História da fabricação de tubos de aço e pesquisa de processos
Carbon Steel Pipe
Carbon steel pipe starts out by arriving at the pipe mill in the form of either a billet (basically a large solid steel bar) or a coil (imagine a roll of toilet paper made out of steel). Depending on the manufacturing method used by the mill, these billets or coils will be processed to yield the finished end product. We will examine the various manufacturing methods used to make carbon steel pipe, but first let’s look at how the carbon steel got here in the first place.

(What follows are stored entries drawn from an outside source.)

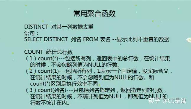 (3)length(‘字符串’) 返回字符串包含字符个数,跟在select后用;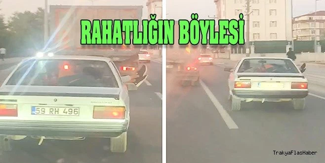 Kapaklı ilçesinin Cumhuriyet Mahallesi Mithatpaşa Caddesi?nde meydana gelen olay, görenleri gülümsetti. Cadde üzerinde seyreden bir araçtaki yolcu, rahat hissetmek için ayaklarını otomobilin penceresinden dışarı uzattı. Bu şekilde seyahat eden yolcu, vatandaşlar tarafından cep telefonu kamerası ile görüntülendi. Görüntüleri görenler ise ?rahatlığın böylesi? yorumunu yaptı.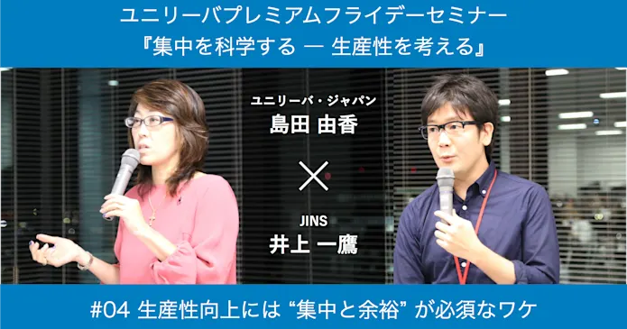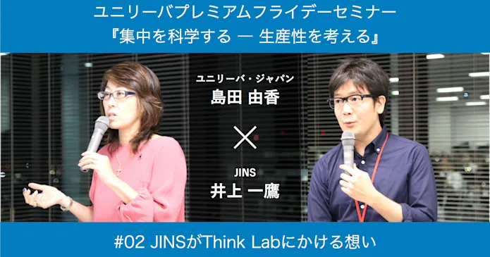 2018年1月26日、株式会社ジンズのセミナールームおよび同社の手がける「Think Lab」において、ユニリーバ・ジャパンが主催する「第10回ユニリーバプレミアムフライデーセミナー」が開催されました。テーマは『集中を科学する ― 生産性を考える』。ファシリテーターはユニリーバ・ジャパン・ホールディングス株式会社 取締役人事総務本部長の島田由香さん。そして、ゲストスピーカーは「集中力 パフォーマンスを300倍にする働き方」の著者である株式会社ジンズ・JINS MEMEグループマネジャーの井上一鷹さんです。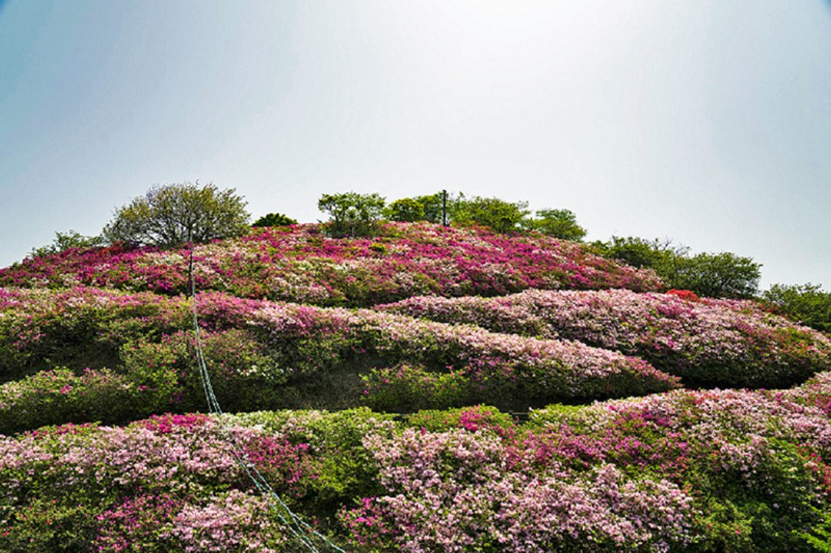 冨士山公園の最も大きな見どころは、山全体を覆い尽くす約6万3千本のつつじです。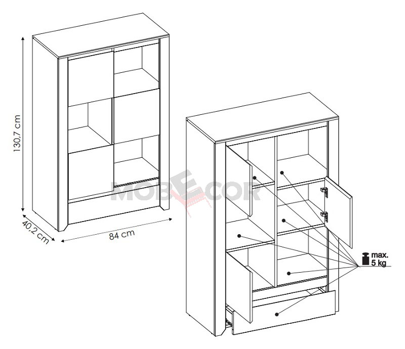 Materjal: kvaliteetne ja vastupidav melamiinkattega laminaat.
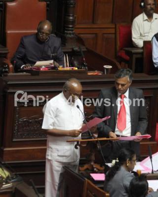 Photo Caption : Newly elected Congress MLC CM Lingappa seen taking oath as the MLC during the Council Session at Vidhan Soudha, in Bengaluru on Saturday 13th June 2017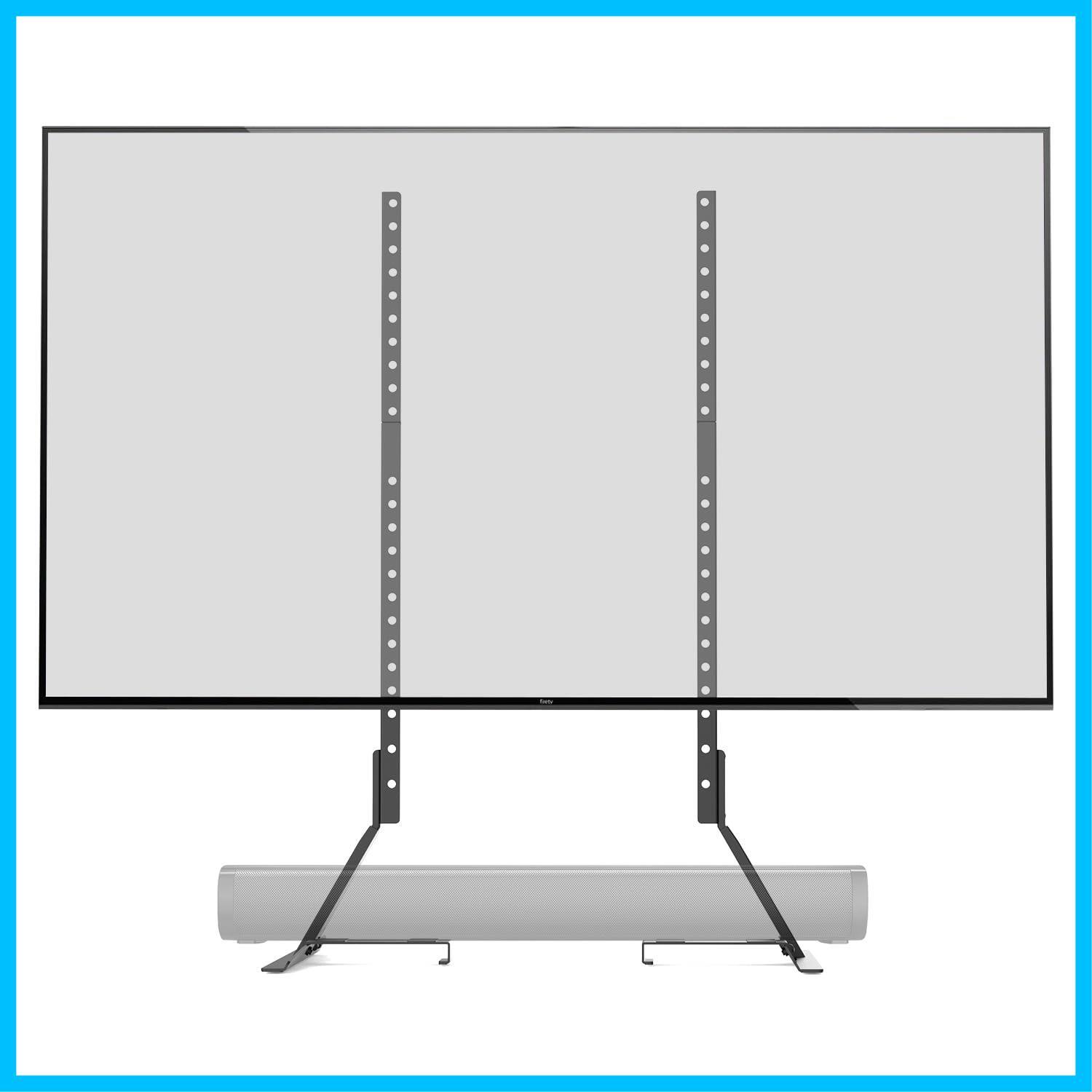 安定性と汎用性を考慮して作られたこのテレビスタンドは、安定性を高める延長脚が特徴で、耐久性のある金属素材の取り外し可能なタブを備えており、スタンドの上にサウンドバーをしっかりと取り付けるのに最適です。サウンドバーを卓上から持ち上げると、デスクスペースがすっきり整理されます。
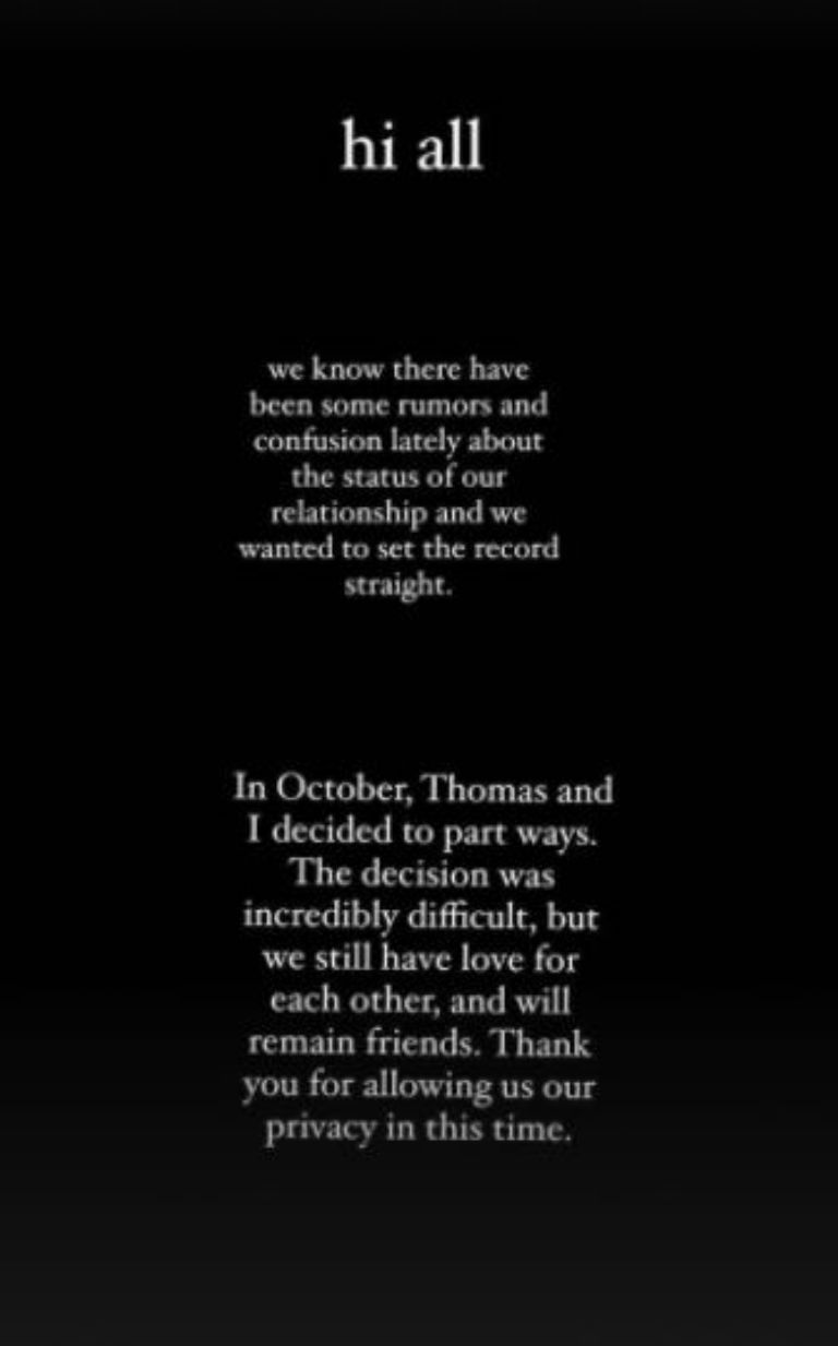 En octubre, Thomas y yo decidimos separarnos. La decisión fue increíblemente difícil, pero todavía nos amamos y seguiremos siendo amigos. Gracias por permitirnos nuestra privacidad en este momento".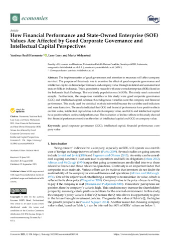 Hermanto, Yustinus Budi and Lusy, Lusy and Widyastuti, Maria (2021) How Financial Performance and State-Owned Enterprise (SOE) Values Are Affected by Good Corporate Governance and Intellectual Capital Perspectives. Economies, 9 (4). pp. 1-13. ISSN E: 2227-7099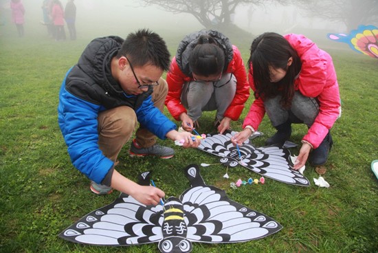 除了精彩的风筝特技表演外,景区还为游客送上免费的风筝,体验一把自己放飞的乐趣,更提供了空白的风筝,让游客描绘属于自己色彩的风筝。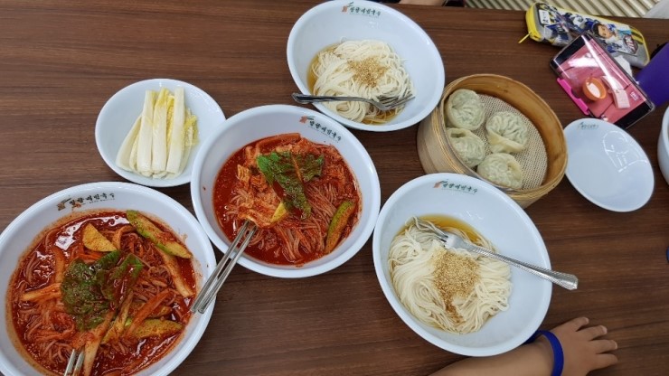 우린 비빔국수(보통) 2개에 아기국수 2개 그리고 만두를 주문했습니다.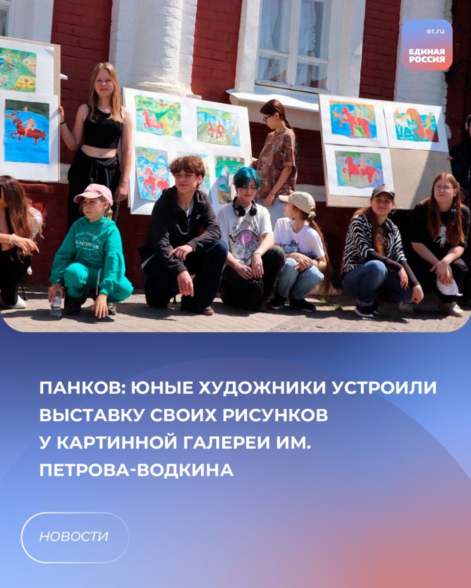 🖌️ Панков: Юные художники устроили выставку своих рисунков у картинной галереи им. Петрова-Водкина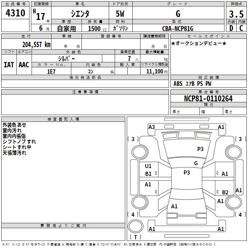 TOYOTA SIENTA - лот 4310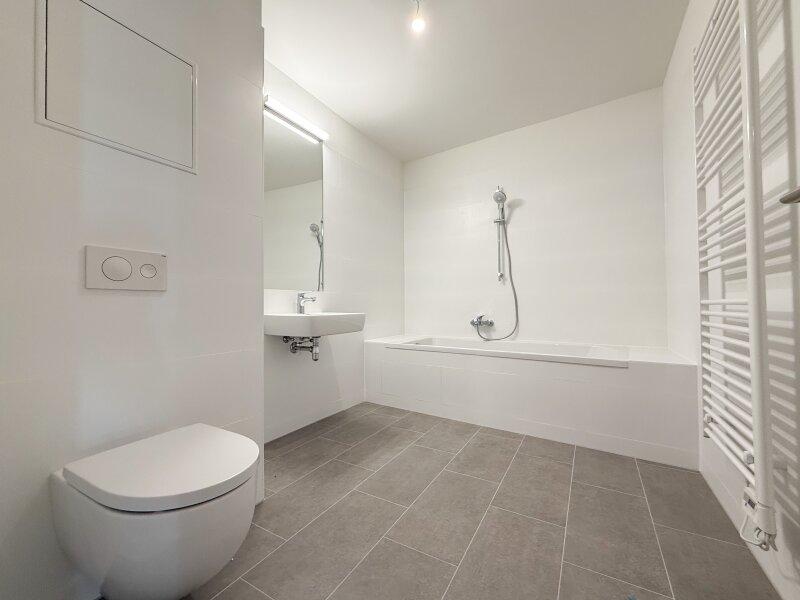 Die Wohnung ist mit hochwertigen Parkettböden in den Wohnräumen, modernen Fliesen in den Nassbereichen sowie zeitgemäßer Haustechnik ausgestattet. Großflächige Fensterflächen mit Sonnenschutz sorgen für ein helles und freundliches Ambiente. Das Gebäude bietet zudem Fahrradabstellplätze, Kinderwagenräume und ein begrüntes Flachdach.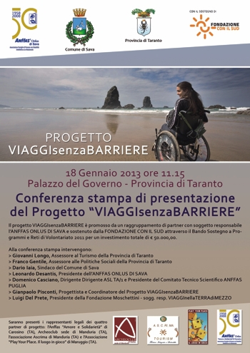 governo della Provincia di Taranto (Via Anfiteatro n° 4, sala riunioni 4° piano), si terrà la conferenza stampa di presentazione del progetto VIAGGIsenzaBARRIERE promosso da un raggruppamento di partner con soggetto responsabile l’ANFFAS ONLUS DI SAVA e sostenuto dalla FONDAZIONE CON IL SUD attraverso il Bando Sostegno a Programmi e Reti di Volontariato 2011 per un investimento totale di 50.000 euro.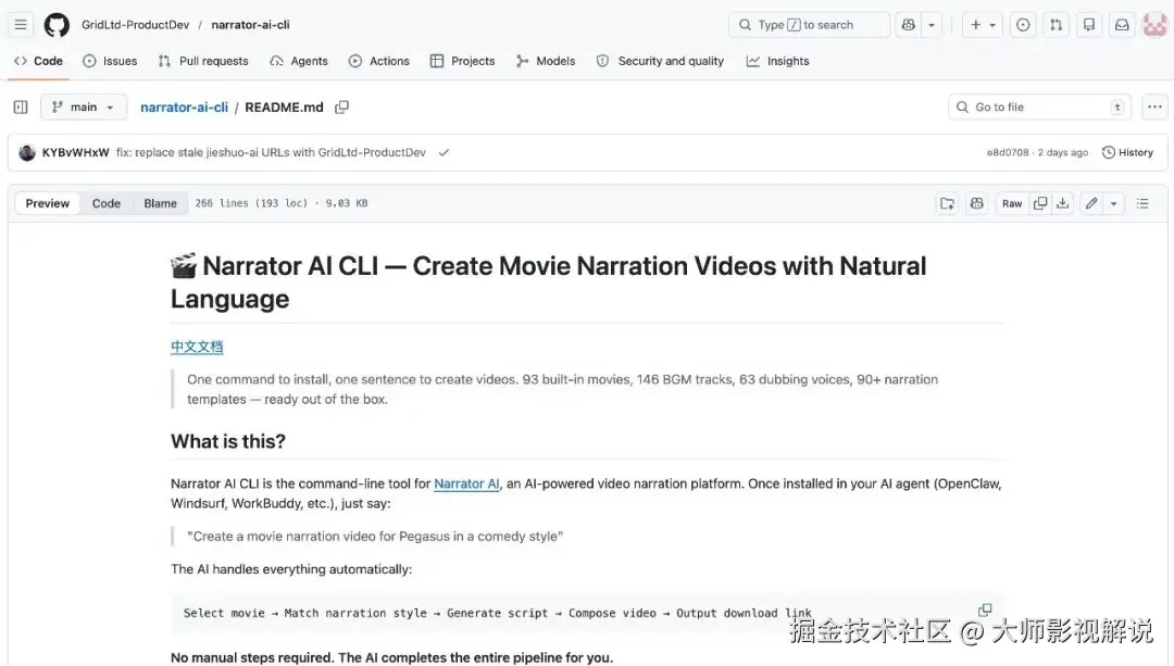 最近我深度体验了一套电影解说工作流,作者把它整套提炼成了一个 Skill 并且完全开源,工具是:narrator-ai-cli,现在所有人都能接入使用。
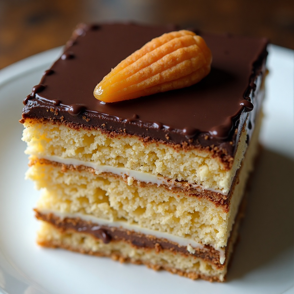 - Decoración final: si dispones de miel de Budapest, puedes añadir una gota en el centro del glaseado para un toque auténtico. Sirve y disfruta de tu Dobos Torte Budapester.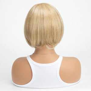 The Honey Luxe Bob features a sleek, chin-length cut with softly curved ends for a refined, natural look. Its light honey blonde shade is enhanced with subtle platinum highlights, adding depth and brightness to the overall style. The center part gives it a balanced and polished appearance, ideal for both everyday wear and formal occasions.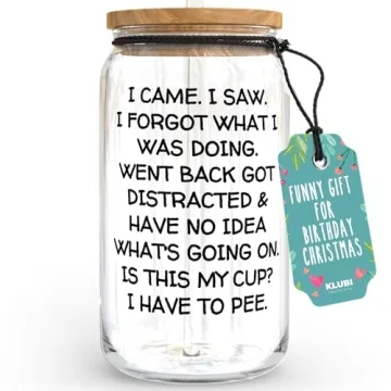 Introducing the KLUBI I Came I Saw I Forgot Cup, a delightful 16-ounce glass tumbler designed to bring joy and laughter to any occasion! This clear glass tumbler features a unique and witty design that proudly declares "I Came I Saw I Forgot," making it the perfect gift for individuals with a fantastic sense of humor. Ideal for both men and women, it serves as a memorable gag gift, ideal for birthdays, retirement celebrations, or simply to brighten someone’s day. Its versatile nature ensures...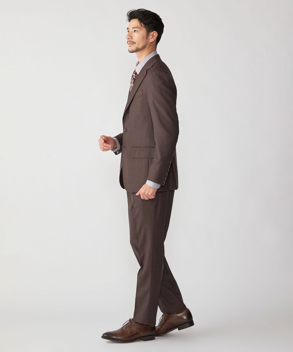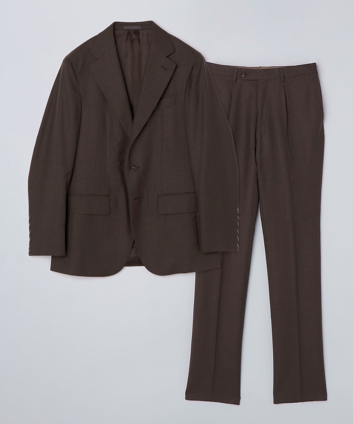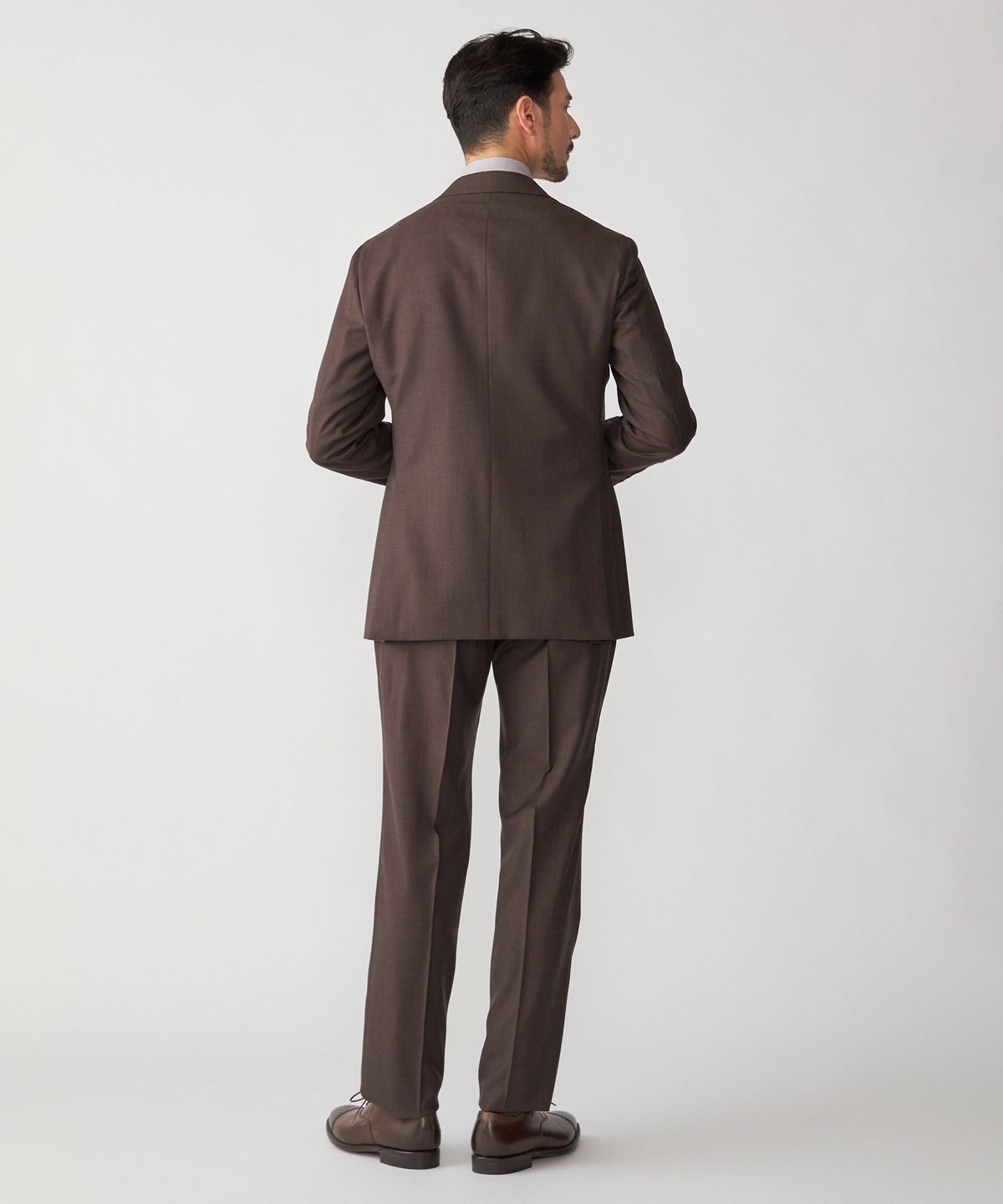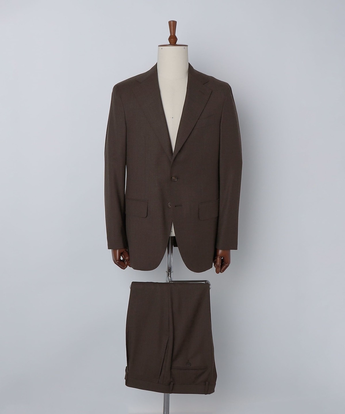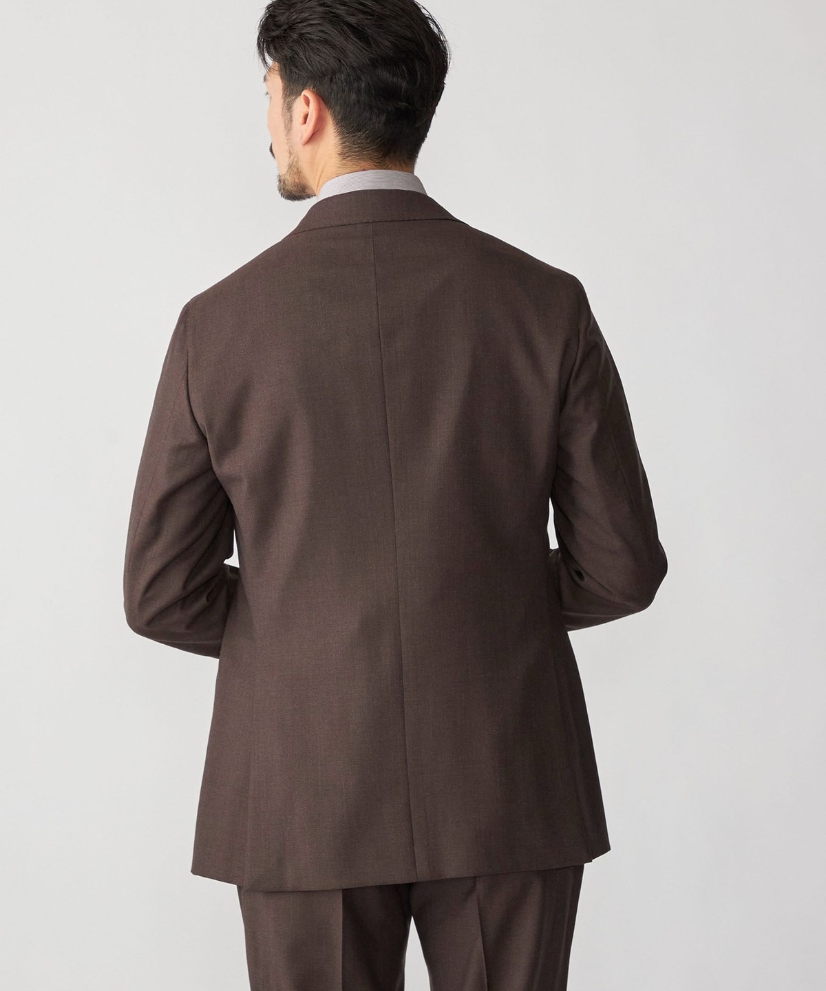 ウール100%の生地を使用したブラウンスーツ。

RAW STEEL MANUFACTURING PROCESS
Humans have been melting iron ore through a process called smelting for thousands of years. Molten or semi-molten iron would be hammered (forged) or poured into their desired shapes and allowed to cool. People quickly discovered that the properties of the finished product (força, ductilidade, longevity) could be controlled in many ways; manipulating cooling time and conditions or adding/removing certain media for example. Carbon steel was one such popular derivative of raw iron made by introducing elemental carbon into the smelting process in the form of charcoal. As useful as steel was, it was time and labor intensive to produce, thus making it generally a poor material for mass consumption. In the mid 19th century, the Bessemer process was patented where by molten pig iron (cheaply made and full of high carbon, silício, and manganese impurities) is subject to blasts of oxygen which oxidize the impurities thus making them simple to remove from the molten steel. This method of removing excess elements was much easier and cheaper than adding alloying elements to iron, and is directly responsible for the industrial revolution and the beginning of the mass production of carbon steel. Today the technology has changed, but the same basic principles of the Bessemer Process are still the backbone for modern raw steel production.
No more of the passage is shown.